### Data for processing ###

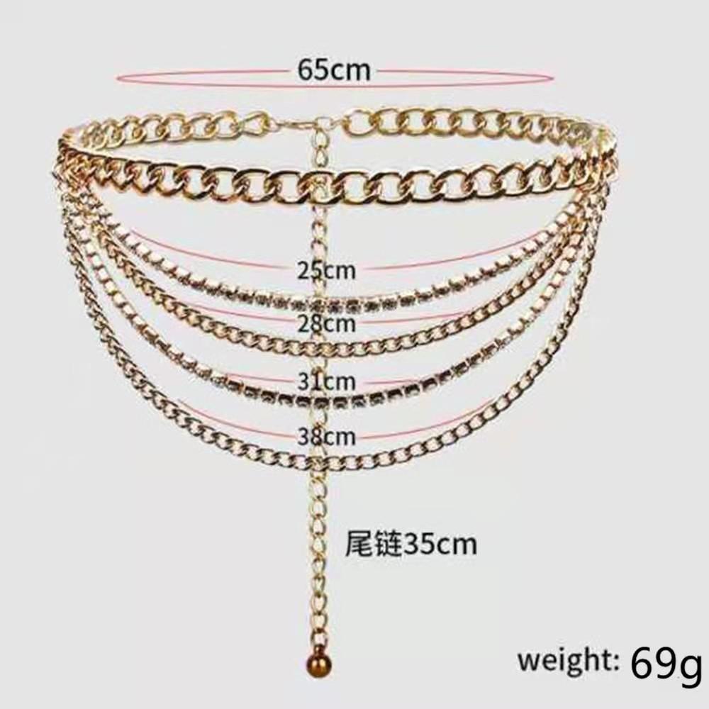 Cadena geométrica de moda transfronteriza europea y americana, cadena corporal con garra de diamantes de imitación de metal, cadena de cintura con borlas multicapa para mujer
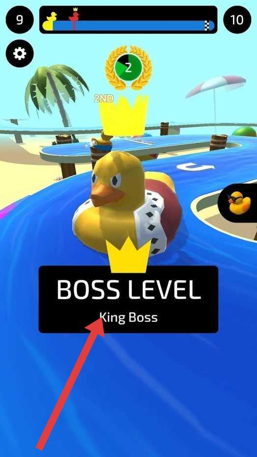 3、进入“BOSS-LEVEL”,挑战“Kin-Boss”,在海滩赛道,全力冲刺,击败Boss鸭,赢取奖励。
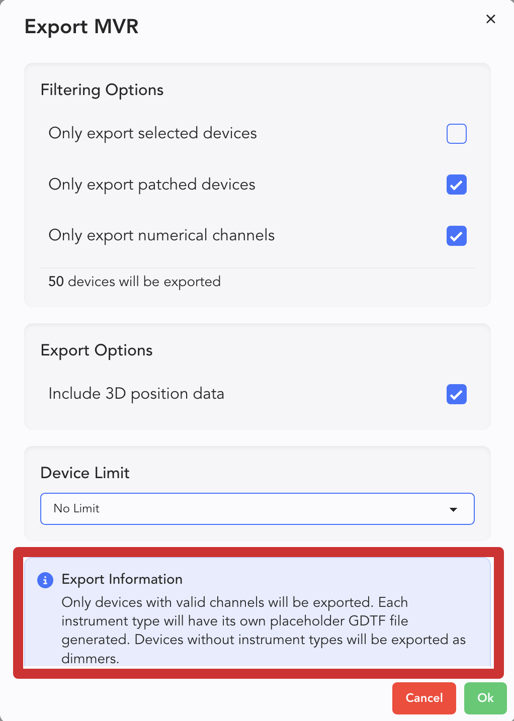 Only devices with valid channels will be exported. Each instrument type will have its own placeholder GDTF file generated. Devices without instrument types will be exported as dimmers. This means any instrument you import into another platform will need to have their fixtures remapped, as LW doesn't export actual fixture profiles.
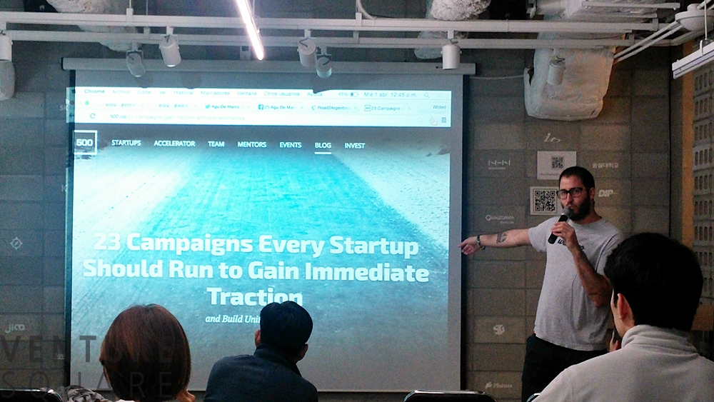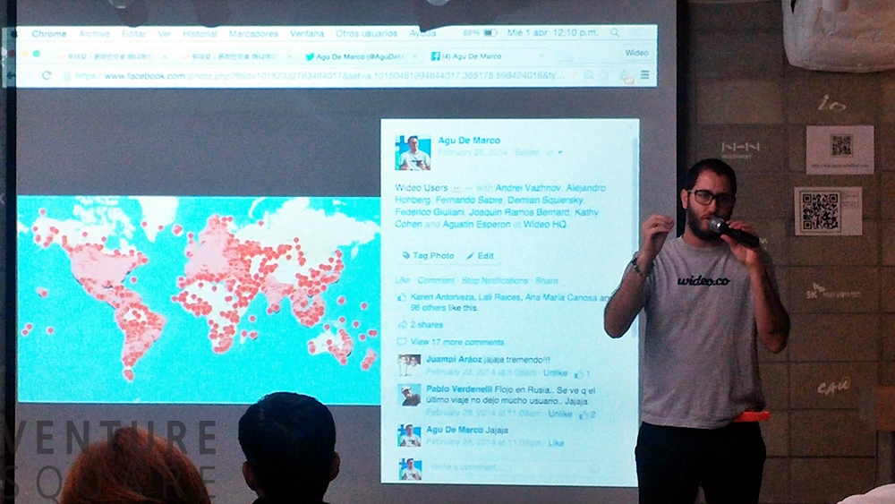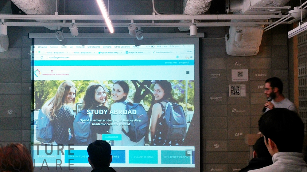 아르헨티나의 부에노스아이레스 대학에서 산업엔지니어링을 전공하면서 8년 간 기업가 정신을 배우다 보니 자연스럽게 기업가가 되었다는 위데오의 CEO 아구 드 마르코(Agu De Marco)는 자신의 닉네임을 ‘아구’라 소개하며 오늘 그를 찾아온 사람들 중 창업가, 예비창업가의 비중을 파악하는 것으로 이야기를 시작했습니다. 아구는 지금까지 다섯번의 창업을 해서 세번은 실패하고 하나는 진행 중이며 하나는 아직 알 수 없다고 했습니다. 앞으로 어떻게 될지는 잘 모르겠지만 지금의 여정을 즐기는 중이라고합니다.
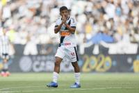 Cayo Tenório recebe na direita, vai à linha de fundo e cruza a meia altura. Vinícius toca para o gol de letra e a bola resvala em Gatito e acerta a trave.
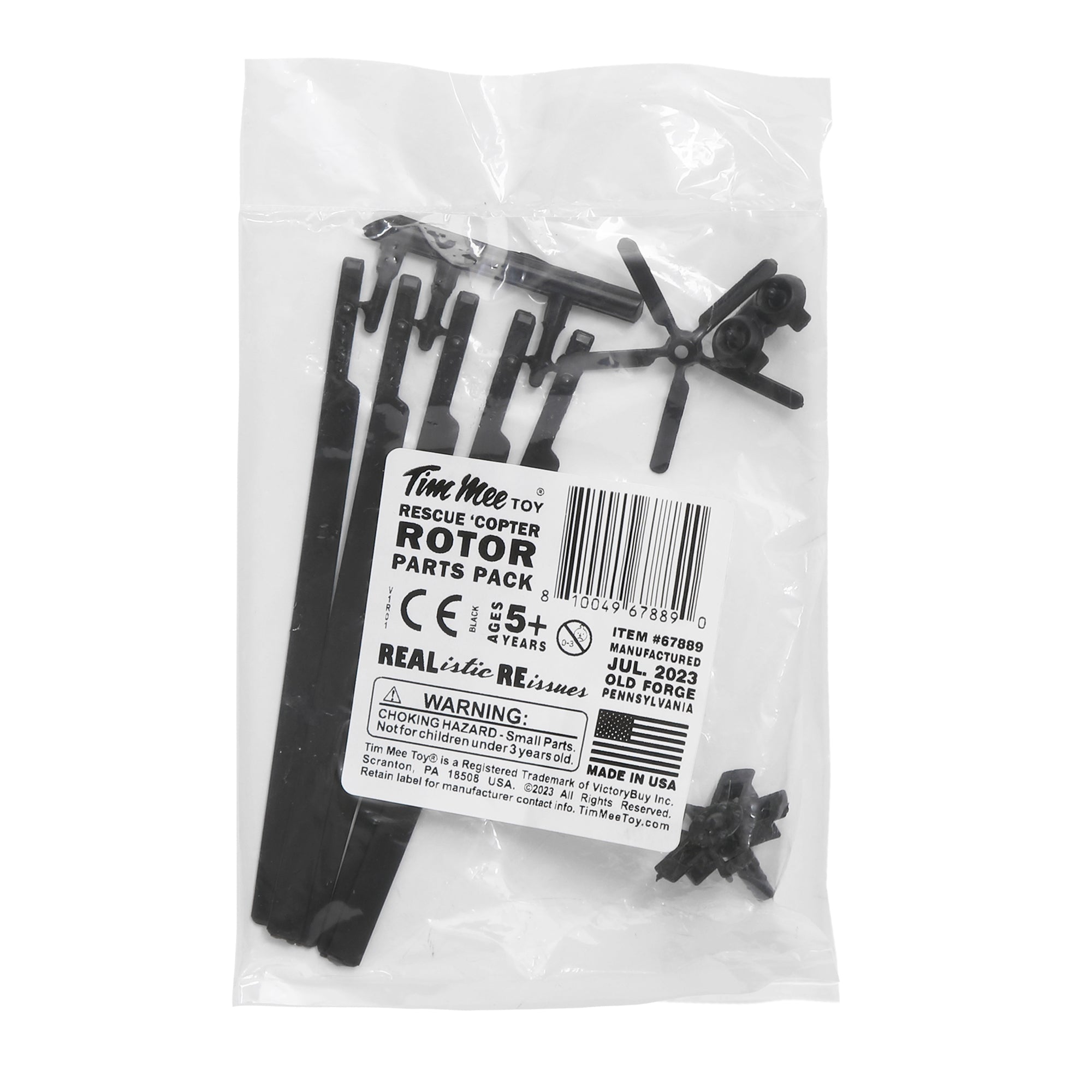 The Tim Mee Toy #7590 Sea King Military Rescue 'Copter has been in production since the 1970's. Many of these helicopters survived the decades of backyard battles, but are missing parts. Now now you can get your vintage Army Men aircraft back in top-top shape with this rotor parts pack. Parts include rotor hub, 5 rotor blades, tail rotor, and intake manifold, made from slightly stiff Black color HDPE plastic. These are real American Made toy parts, meant to be played with for years to come. Snap-together assembly requires some hand strength, so adult assembly is suggested. Recommended for ages 5 and up.
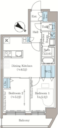 | 平米数 | 46.20m2 | 部屋詳細 | DK8.5帖/洋室5.3帖/洋室5.2帖 |
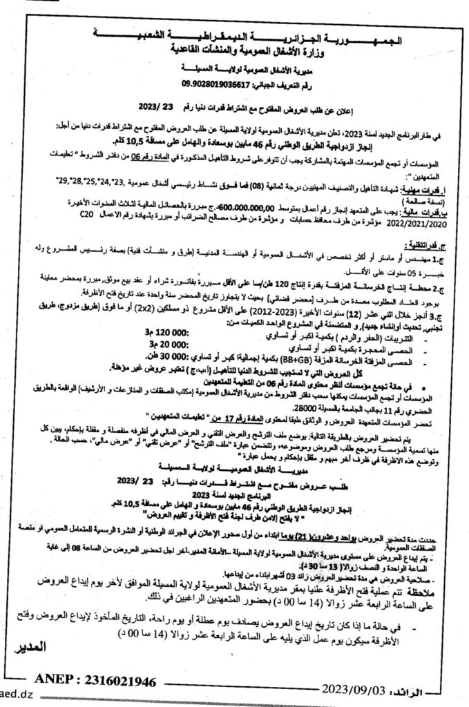 إعلان عن طلب العروض المفتوح 2023/23 مديرية الأشغال العمومية لولاية المسيلة
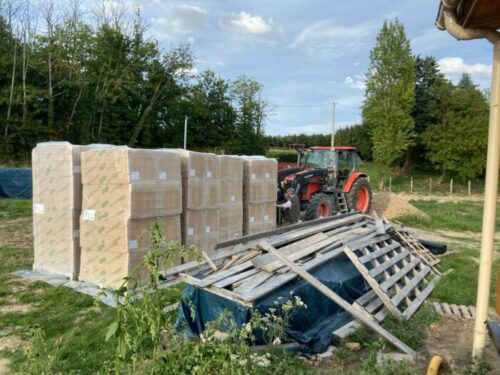 En attendant nous profitons du temps sec pour créer un chemin d’accès afin que les semi-remorques qui viendront livrer à l’automne ne s’embourbent pas:
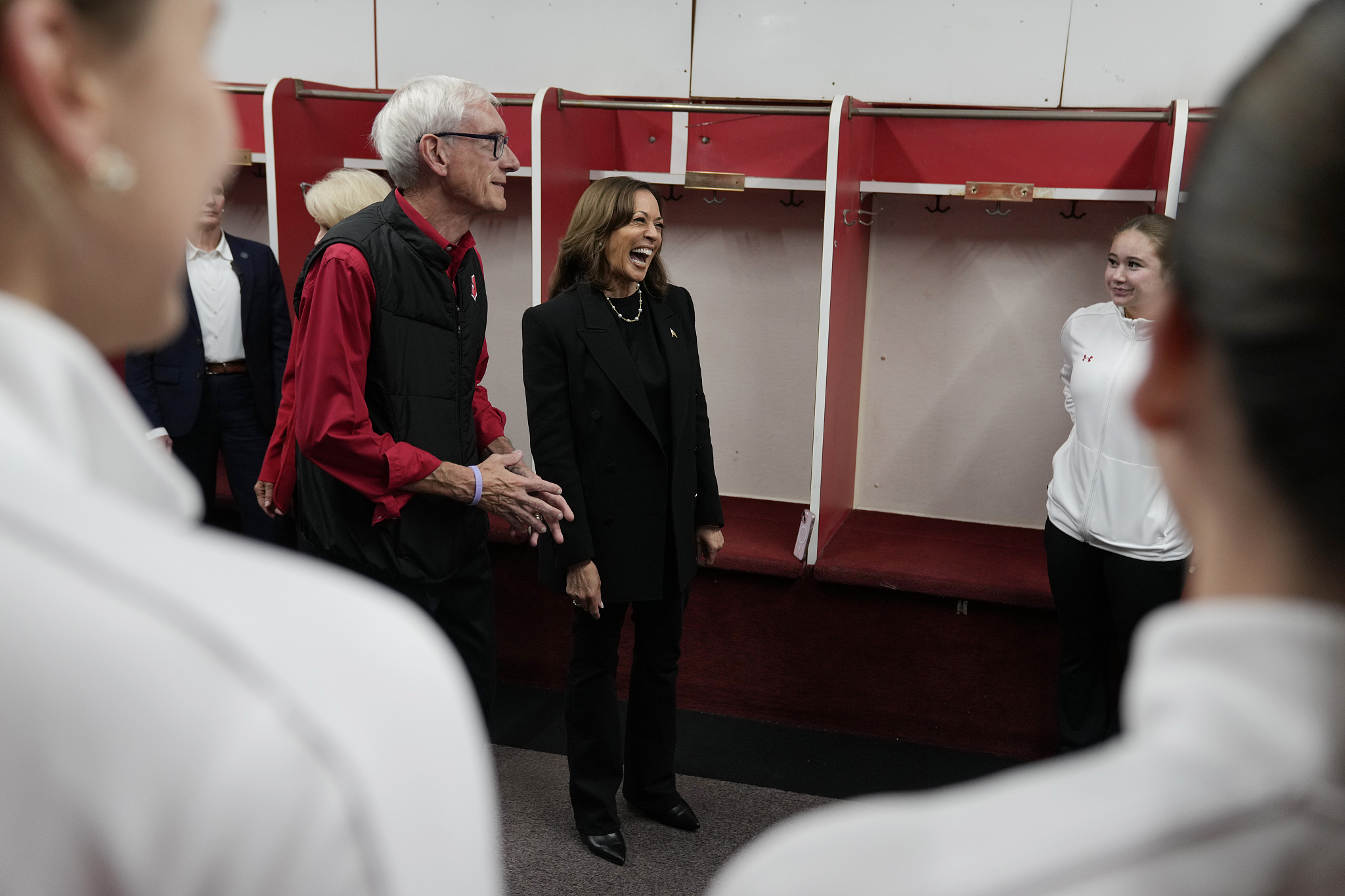 2024年10月30日哈里斯在競選集會上與威斯康星大學女子排球隊進行交流 視覺中國
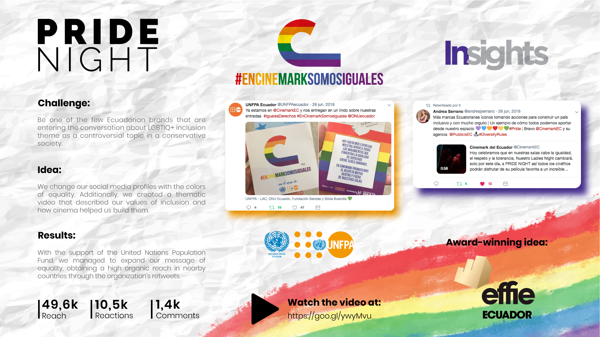 Winner of the Effie Ecuador award for the "Pride Night" social campaign in conjunction with UNFPA.
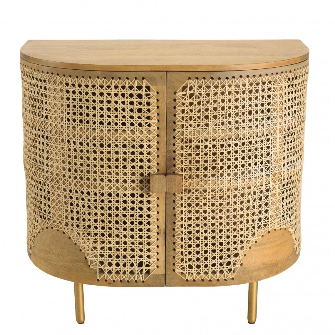 Points forts MACABANE Buffet marron 2 portes bois de manguier cannage pieds métal doré ISA
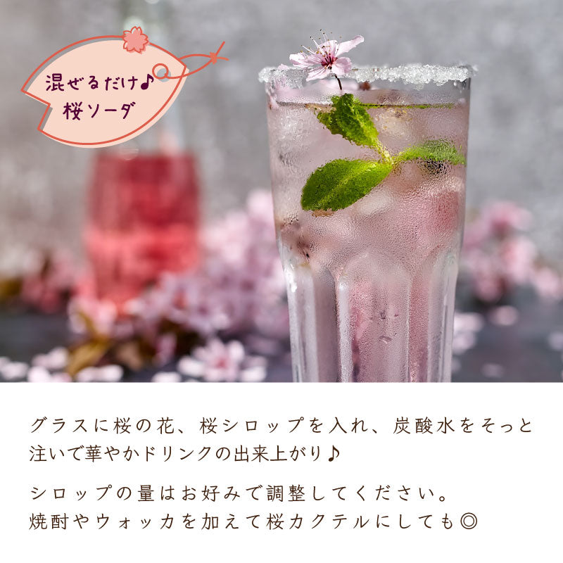 「お家でお花見♫」炭酸で割って爽やかなサクラドリンクがオススメ!お酒と割ればオリジナルサワーやカクテルに。冷酒・サワーに合います!
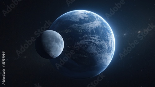 Earth and Moon from space with sunrise, showcasing blue-yellow planet hues and atmospheric glow against cosmic darkness
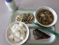 今日の給食は、ごはん、牛乳、ブリの照り焼き、友禅和え、れんこん団子汁でした。友禅和え…なんて美しい名前でしょうか。ごく細く切った野菜数種類を、彩りよく(友禅染めのように)取り合わせた和え物を言うそうです。卵の使われていないマヨネーズと合わさって、今日も本当においしかったです。ありがとうございました。ごちそうさまでした。
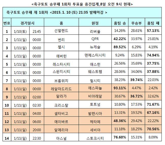 국민체육진흥공단(www.kspo.or.kr)이 발행하는 체육진흥투표권 공식 인터넷 발매사이트 베트맨(www.betman.co.kr)은 오는 10일부터 11일까지 벌어지는 영국 프리미어리그(EPL) 9경기 및 스페인 프리메라리가 5경기 등 총 14경기를 대상으로 한 축구토토 승무패 1회차 투표율 중간집계 결과, EPL 첼시-뉴캐슬(3경기)전에서 국내 축구팬 89.52%가 첼시의 승리를 점쳤다고 밝혔다.
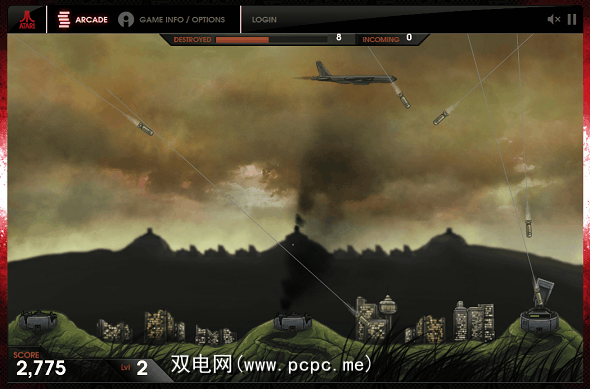 导弹司令部听起来比实际要有趣。您负责防卫这座城市,以防御敌人的残酷袭击。因此,随着导弹从各个角度降落在您的身上,您将用火与火搏击,并在威胁击中之前将威胁击落。该游戏是用鼠标而不是键盘来玩的,有点碰碰运气。从字面上看。
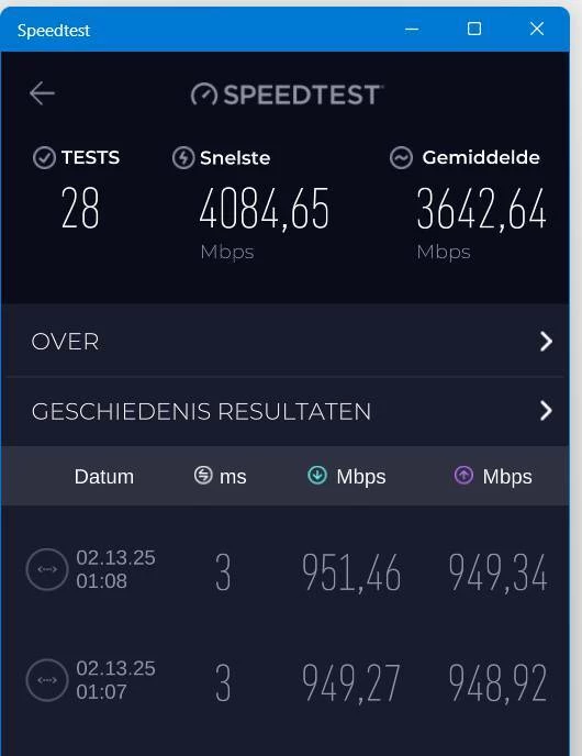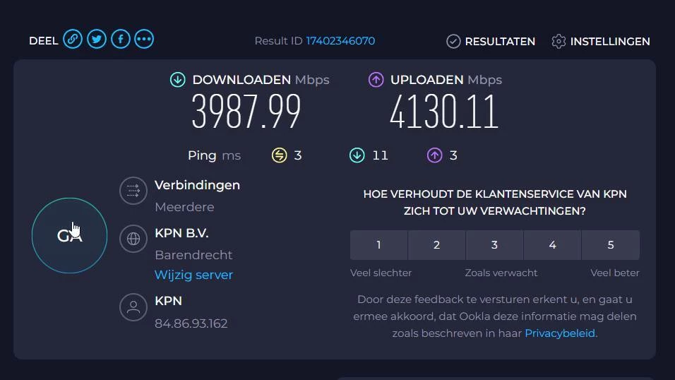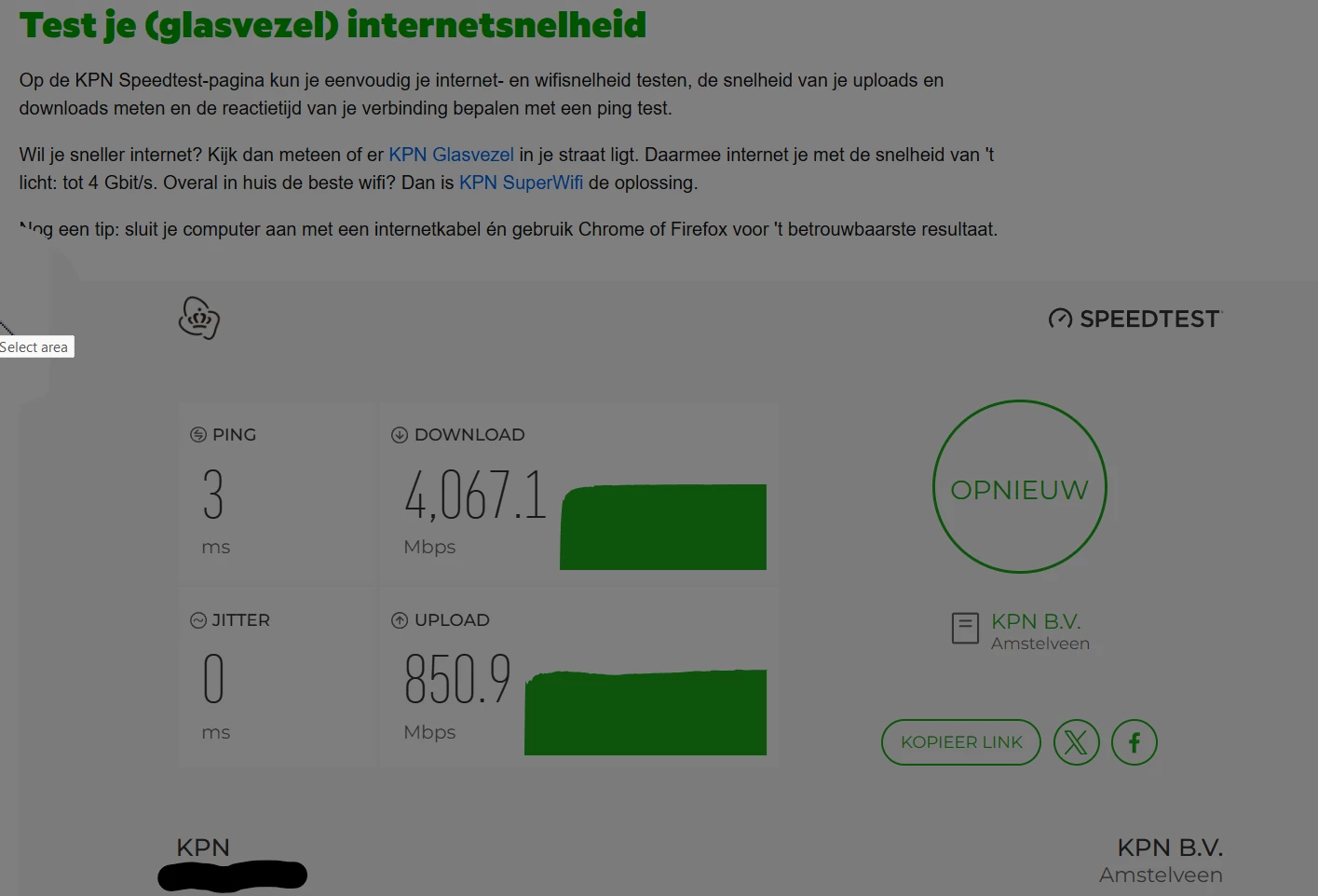 Als de speedtest op de KPN Box zelf wel zowat 4 gbit haalt maar jouw eigen pc lang niet, dat ligt het probleem toch wel bij jouw eigen pc en niet bij KPN.
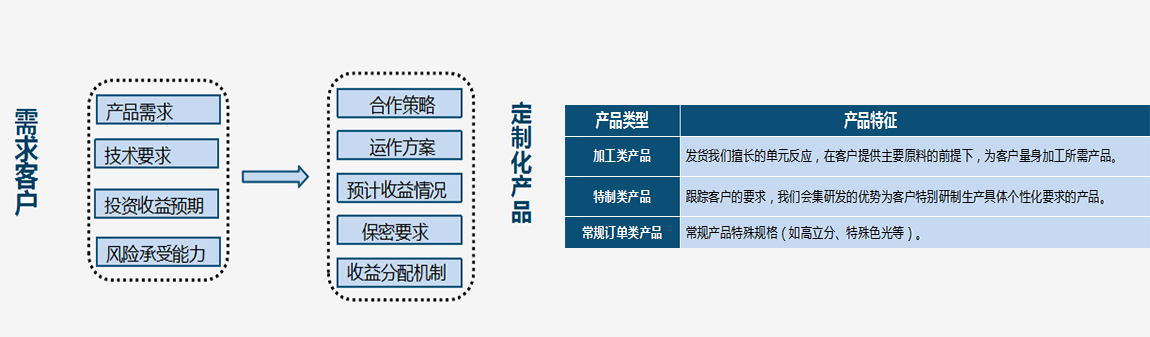 我司已與多家跨國公司開(kāi)展了定制化產(chǎn)品的服務(wù)。根據不同的客戶(hù)群體的需求、成本偏好以及收益預期,結合我們擅長(cháng)的優(yōu)勢化學(xué)單元反應的生產(chǎn)經(jīng)驗,為客戶(hù)量身定制符合個(gè)性化需求的產(chǎn)品。

###

▶ **Problem**
Exactly the lines from the one holding "Als de speedtest" through the last line of the entries, both included, are to be duplicated; leave the pictures out.

▶ **Solution for this problem**
 Als de speedtest op de KPN Box zelf wel zowat 4 gbit haalt maar jouw eigen pc lang niet, dat ligt het probleem toch wel bij jouw eigen pc en niet bij KPN.
 我司已與多家跨國公司開(kāi)展了定制化產(chǎn)品的服務(wù)。根據不同的客戶(hù)群體的需求、成本偏好以及收益預期,結合我們擅長(cháng)的優(yōu)勢化學(xué)單元反應的生產(chǎn)經(jīng)驗,為客戶(hù)量身定制符合個(gè)性化需求的產(chǎn)品。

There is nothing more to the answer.